Wenn das auch nicht klappt, magst du dann bitte noch mal die startx_log.txt bereitstellen?!

/edit: und auch die xorg.conf

----------

## LinuxTom

 *Josef.95 wrote:*   

> ... und auch die xorg.conf

 

Wird bei radeon einfach gelöscht, da nicht mehr gebraucht. Hatte auch den Ärger, darum der Wechsel.

----------

## Josef.95

 *LinuxTom wrote:*   

>  *Josef.95 wrote:*   ... und auch die xorg.conf 
> 
> Wird bei radeon einfach gelöscht, da nicht mehr gebraucht.
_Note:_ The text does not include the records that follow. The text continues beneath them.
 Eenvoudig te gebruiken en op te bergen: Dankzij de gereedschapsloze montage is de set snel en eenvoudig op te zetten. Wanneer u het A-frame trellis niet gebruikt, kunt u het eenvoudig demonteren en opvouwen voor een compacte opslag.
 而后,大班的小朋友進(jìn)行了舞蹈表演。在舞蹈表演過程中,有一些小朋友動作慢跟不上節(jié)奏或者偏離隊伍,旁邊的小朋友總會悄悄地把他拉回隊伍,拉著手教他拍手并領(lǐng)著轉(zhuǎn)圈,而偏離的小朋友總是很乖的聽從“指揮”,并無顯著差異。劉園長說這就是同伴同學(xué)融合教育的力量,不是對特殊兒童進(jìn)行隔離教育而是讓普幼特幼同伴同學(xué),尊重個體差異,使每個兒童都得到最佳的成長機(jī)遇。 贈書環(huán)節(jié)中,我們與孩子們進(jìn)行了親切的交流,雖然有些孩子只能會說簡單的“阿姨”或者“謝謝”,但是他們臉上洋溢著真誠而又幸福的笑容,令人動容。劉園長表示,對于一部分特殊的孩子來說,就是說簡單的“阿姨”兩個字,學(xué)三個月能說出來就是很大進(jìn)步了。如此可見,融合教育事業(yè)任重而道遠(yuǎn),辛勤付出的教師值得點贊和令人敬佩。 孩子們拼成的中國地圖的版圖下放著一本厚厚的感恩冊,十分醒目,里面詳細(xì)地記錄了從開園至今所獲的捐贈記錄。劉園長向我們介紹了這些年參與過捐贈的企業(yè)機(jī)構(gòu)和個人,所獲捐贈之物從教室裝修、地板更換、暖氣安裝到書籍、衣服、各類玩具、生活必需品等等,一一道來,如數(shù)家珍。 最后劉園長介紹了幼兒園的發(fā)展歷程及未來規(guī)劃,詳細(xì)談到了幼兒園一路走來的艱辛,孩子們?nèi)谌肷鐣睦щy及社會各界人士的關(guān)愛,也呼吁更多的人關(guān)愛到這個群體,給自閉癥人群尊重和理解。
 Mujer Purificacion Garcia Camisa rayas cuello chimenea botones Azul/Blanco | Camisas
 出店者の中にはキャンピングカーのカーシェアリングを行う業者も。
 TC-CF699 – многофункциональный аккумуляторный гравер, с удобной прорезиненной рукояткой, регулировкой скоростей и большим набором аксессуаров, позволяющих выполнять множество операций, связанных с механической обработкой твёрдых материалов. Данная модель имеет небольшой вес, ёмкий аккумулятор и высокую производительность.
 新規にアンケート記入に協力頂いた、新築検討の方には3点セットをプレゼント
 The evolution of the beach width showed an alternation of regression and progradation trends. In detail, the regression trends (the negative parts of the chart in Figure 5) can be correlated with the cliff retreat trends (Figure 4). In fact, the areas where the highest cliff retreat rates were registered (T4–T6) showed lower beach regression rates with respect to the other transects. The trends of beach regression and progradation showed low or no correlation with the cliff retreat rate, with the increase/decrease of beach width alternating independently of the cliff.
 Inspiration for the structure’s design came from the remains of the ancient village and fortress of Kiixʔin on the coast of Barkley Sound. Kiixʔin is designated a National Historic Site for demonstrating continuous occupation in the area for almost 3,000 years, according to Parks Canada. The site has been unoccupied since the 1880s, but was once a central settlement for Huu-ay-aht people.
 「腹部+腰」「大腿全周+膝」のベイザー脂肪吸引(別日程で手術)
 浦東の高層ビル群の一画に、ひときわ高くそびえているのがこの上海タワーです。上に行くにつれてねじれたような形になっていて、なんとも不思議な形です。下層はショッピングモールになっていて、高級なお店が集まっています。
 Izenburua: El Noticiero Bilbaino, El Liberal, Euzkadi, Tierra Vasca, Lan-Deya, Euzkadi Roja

Hatte auch den Ärger, darum der Wechsel.

 

Hier geht es doch aber aktuell um den proprietären fglrx Treiber, und für den wird zwingend eine xorg.conf benötigt... :Wink: 

----------

## ScytheMan

kann man eigentlich die proprietären treiber zusammen mit kms laufen lassen oder gibt das probleme?

----------

## mrsteven

 *ScytheMan wrote:*   

> kann man eigentlich die proprietären treiber zusammen mit kms laufen lassen oder gibt das probleme?

 

Kracht garantiert, weil fglrx KMS nicht unterstützt und sich die beiden Treiber dann nur in die Quere kommen.

----------